In short, the infrastructure isn’t in place to consider alternative power for personal vehicles. In fact, it won’t be in place during my lifetime and probably not during yours. So, while we may see many, many more electric vehicles on the road in the coming years, gasoline engines will still be prevalent in passenger vehicles for at least the next 20 years/

 

The Fast and The Furious Will Die

I cannot imagine a continuation of our beloved Fast and Furious series using cars that sound like RC cars. Movies like “I, Robot” embraced futuristic cars in a fun way, but I have to think that muscle car movies will fade into the sunset – or at least be present only in movies that revolve around some sort of post-apocalyptic scenario.

Fortunately, Universal will milk this franchise for another two decades so long as it earns a buck. Spinoff movies, prequels, cartoons, streaming content and God knows what else will keep the interest of some fans, even while the educated, car-savvy audiences leave the franchise their rearview mirror.

As new blood comes into the franchise, new audiences will follow. At some point, there will be people watching the new movies who don’t even know there ever was a street racing element to the series.  We’re rapidly approaching that point.

 

The Golden Age of Gasoline Powered Cars

As I’ve said repeatedly, I believe that we’re in the Golden Age of cars as we know them. Today, if you have the means, you can buy a fully smog-legal 700 to 1000hp street car. Such cars are equipped with all the modern conveniences – air conditioning, power everything and navigation – built right into the car. If we are not at the pinnacle of technology with gasoline-powered cars, then I believe that we’re very close to it.

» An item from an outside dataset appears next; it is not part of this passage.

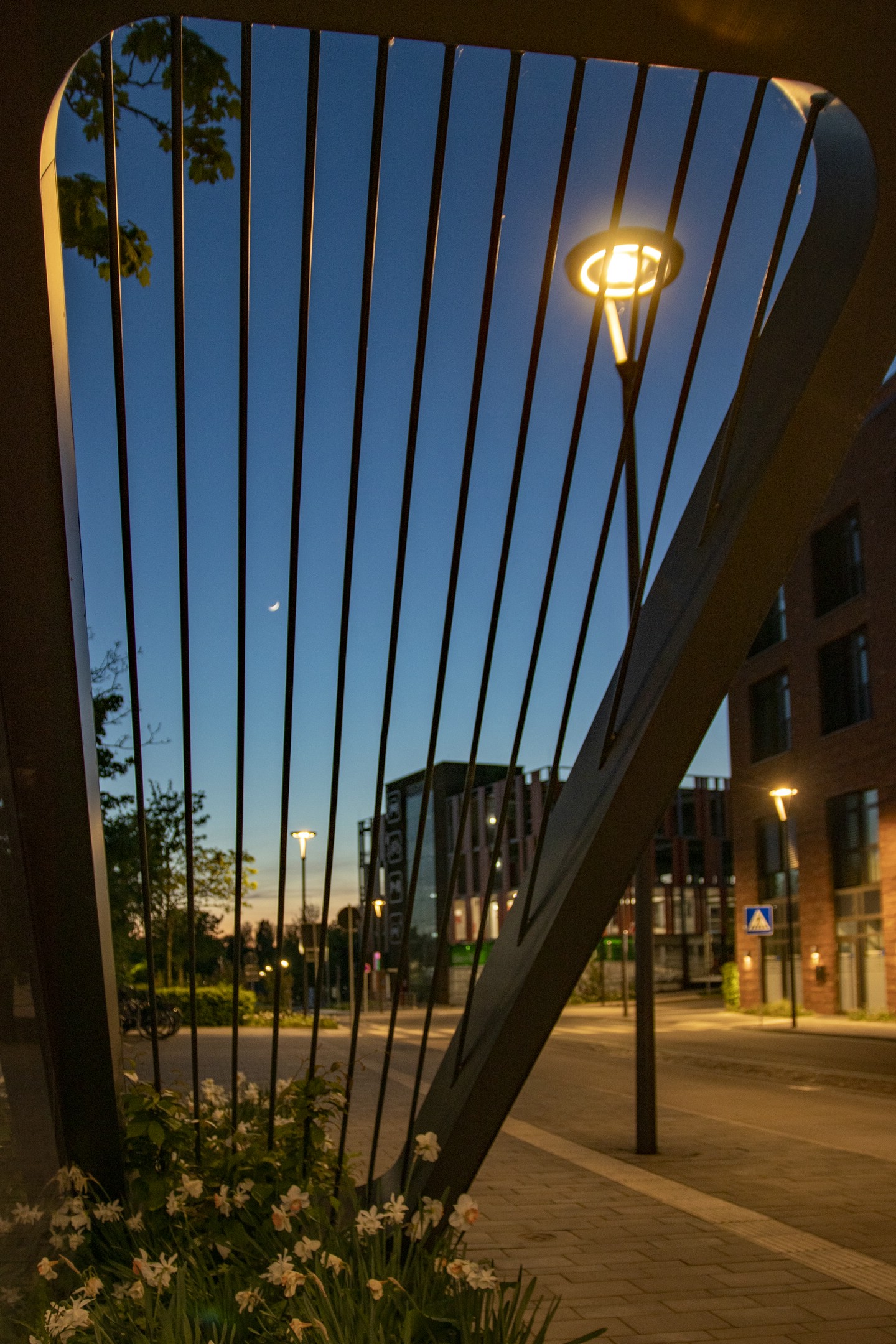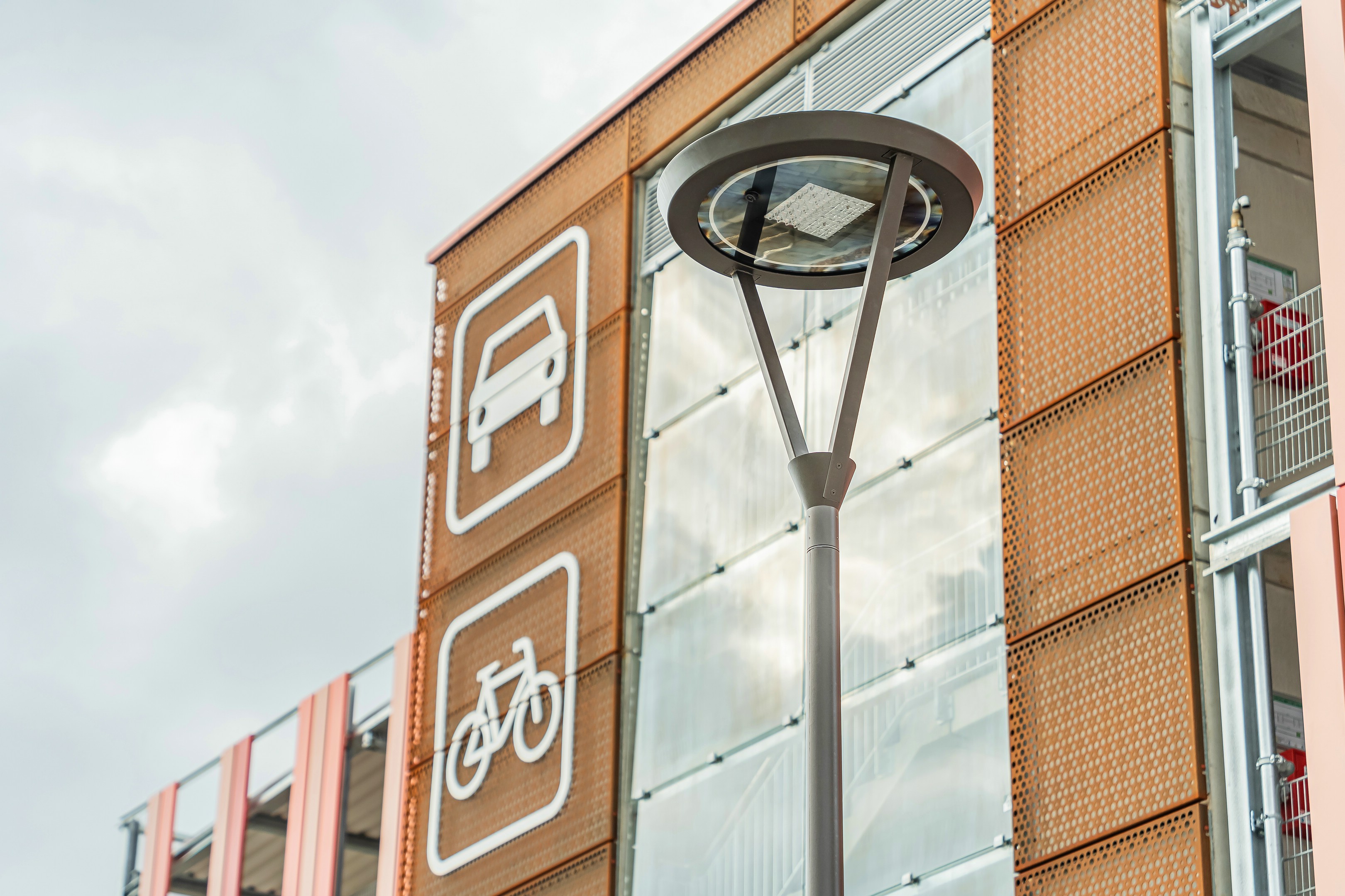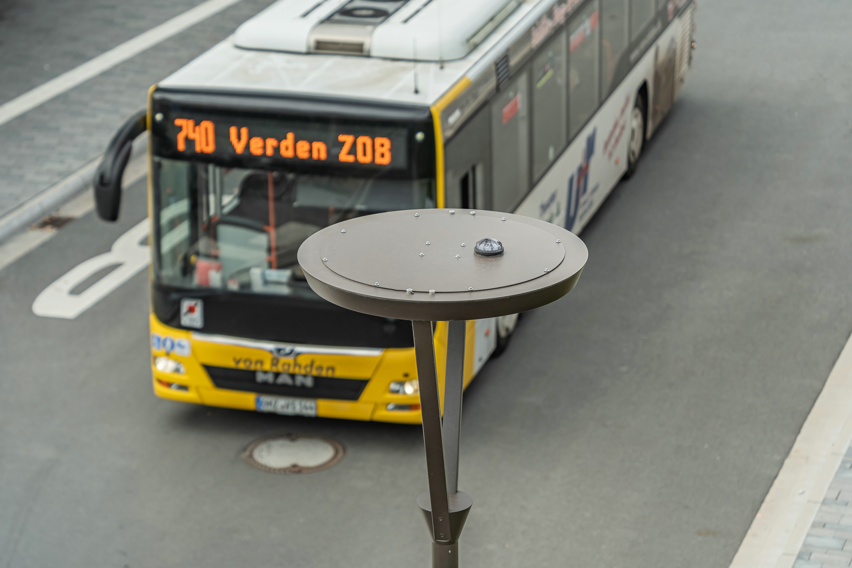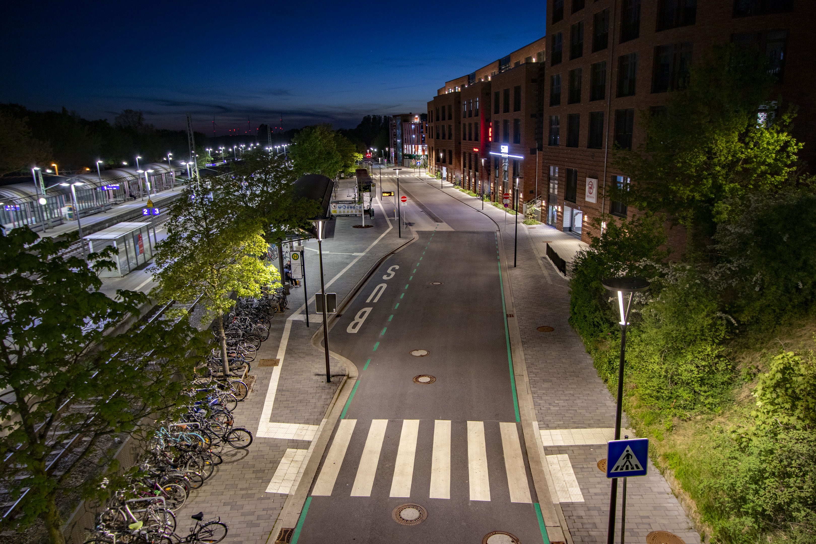 Ein modernes Lichtkonzept sorgt hier für Sicherheit, Orientierung und Atmosphäre. Speziell entwickelte multifunktionale Mastleuchten vereinen Straßen-, Radweg-, Haltestellen- und Fußgängerüberwegbeleuchtung in einem System. Der integrierte Lichtring reduziert Blendung und schafft eine harmonische Verbindung zum Buswartedach.

Like many, I’m loathed to accept the changes without protest. My reasoning is that today’s crop of hybrids and electric cars are so ugly that you have to wonder why car companies don’t fire their entire design groups. I’m confident that these cars don’t need to look feminine hygiene products or Battlestar Galactica shuttlecraft, so what gives? I can only deduce that companies like Toyota just hate us or they’re just so “woke” that they’re blind to classic design cues.

Since I live in the Socialist cesspool of Commiefornia, I imagine that I’ll have to relegate my play car to weekend shows at some point. If and when I buy an electric (or hybrid vehicle), I’ll sleep better at night knowing that I have fire-breathing, gas-guzzling, smog-spraying behemoth sitting in my garage. And while the communist state legislators might someday come for my car, I shall invoke the words of wisdom once uttered by Charlton Heston – “from my cold, dead hands.